Egypt's struggling economy, marked by high inflation, currency devaluation, massive public debt, and unemployment, will face additional stress from the potential influx of Palestinian refugees. [9] It needs to be seen whether economic considerations could actually propel Al Sisi government to accept a limited number of Palestinian refugees in lieu of international assistance packages; debt relief or cancellation; military & economic aid commitments by the US, western powers and softening criticism of human rights issues. In case Cairo moves in such direction, the entry and numbers of Palestinian refugees into Sinai Peninsula could be used as leverage to strike deals with the western powers and reinforce regime stability. Egypt, despite threatening Israel over about redlines following raids on Rafah and IDF takeover of Rafah and Philadelphi corridors has preserved bilateral relations. Egypt’s role will remain crucial in any future ceasefire deal. In the post-war scenario, Cairo’s engagement with Tel Aviv would intensify to manage the borders with Gaza Strip, consolidate Palestinian governance machinery and coordinate against common security concerns.
Besides Egypt, the US policy objectives could impede Israel’s long-term goals in Gaza Strip. Washington DC has avoided supporting civilian population transfers, instead pushing for safe corridors and humanitarian pauses. The five principles guiding US approach in post-conflict Gaza include no forcible displacement; no reoccupation; no siege or blockade; no reduction in territory and no use of Gaza Strip as a platform for terrorism. [10] However, the US commitment to supporting Israel’s efforts to destroy Hamas while protecting civilians remains contradictory. President Joe Biden on 18 November 2023 stressed that Gaza Strip and West Bank should be reunited under a single governance structure, “ultimately under a revitalized Palestinian Authority”. [11] Biden’s stance may be seen as empty rhetoric to placate his critics domestically; shift the narrative on US’ support for Israel’s actions to questions over post-war scenario and damage control its relationship with Arab states. From Palestinian peoples’ perspective, a “revitalized” PA would mean a more representative authority enjoying popular legitimacy with new elections and ideas to move forward the peace process. Israel benefitting from the political division in West Bank and Gaza Strip and sustenance of a weak PA with poor political legitimacy want the ‘revitalized’ Palestinian governing body to remain subservient that overlooks settlement expansion and encroachment of land and religious sites in the West Bank. Israel working with the US and Gulf States could ‘appoint’ Palestinian leaders of their choosing to lead a pliable PA to essentially manage the occupation and dissipate the national struggle.

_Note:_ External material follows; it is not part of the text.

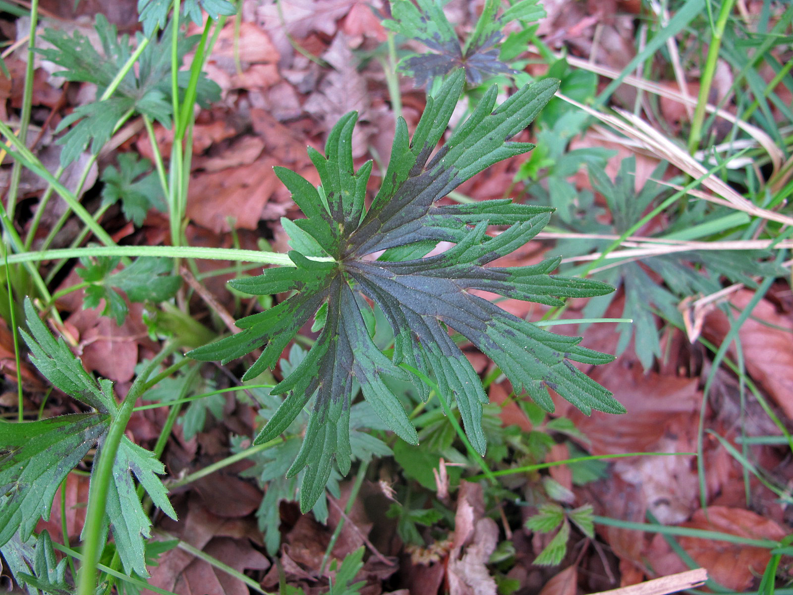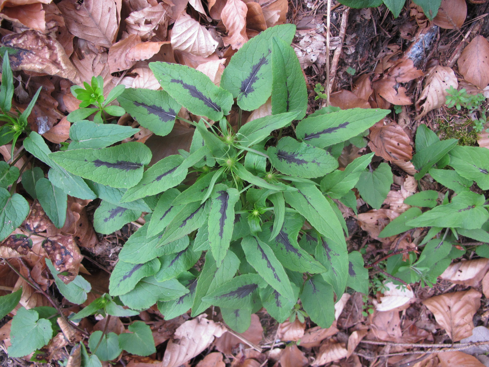 Vor einiger Zeit ist mir im Schatten eines Hohlweges auf Molasseboden eine Pflanze mit merkwürdiger dunkler Blattzeichnung aufgefallen (s. Bild). Zunächst wollte ich bis zur Blütezeit abwarten, um sie bestimmen zu können. Nun kann ich sie aber an derselben Stelle nicht wiederfinden. Vielleicht ist sie Wildfraß zum Opfer gefallen. Was könnte es wohl gewesen sein?

The term ‘ultimately’ could either indicate continued Israeli military control for the time being or rallying Arab states to manage security in Gaza Strip. It nevertheless reflects the discord in the US and Israeli approach and methods on who will govern Gaza in ‘day after scenario’. President Joe Biden intends to ensure a ceasefire, even if temporary prior to the November 2024 elections. The US proposal espouses hostage-prisoner swap and short-term ceasefire in the first phase; permanent end to hostilities and full withdrawal of Israeli forces in the second phase and reconstruction in the third phase. The ceasefire negotiations are currently ongoing facing two key obstacles i.e. firstly, Netanyahu government’s insistence to maintain troops in the Philadephi Corridor buffer zone between southern Gaza and Egypt and secondly, names of specific individuals to be included in hostage and prisoner exchange. [12]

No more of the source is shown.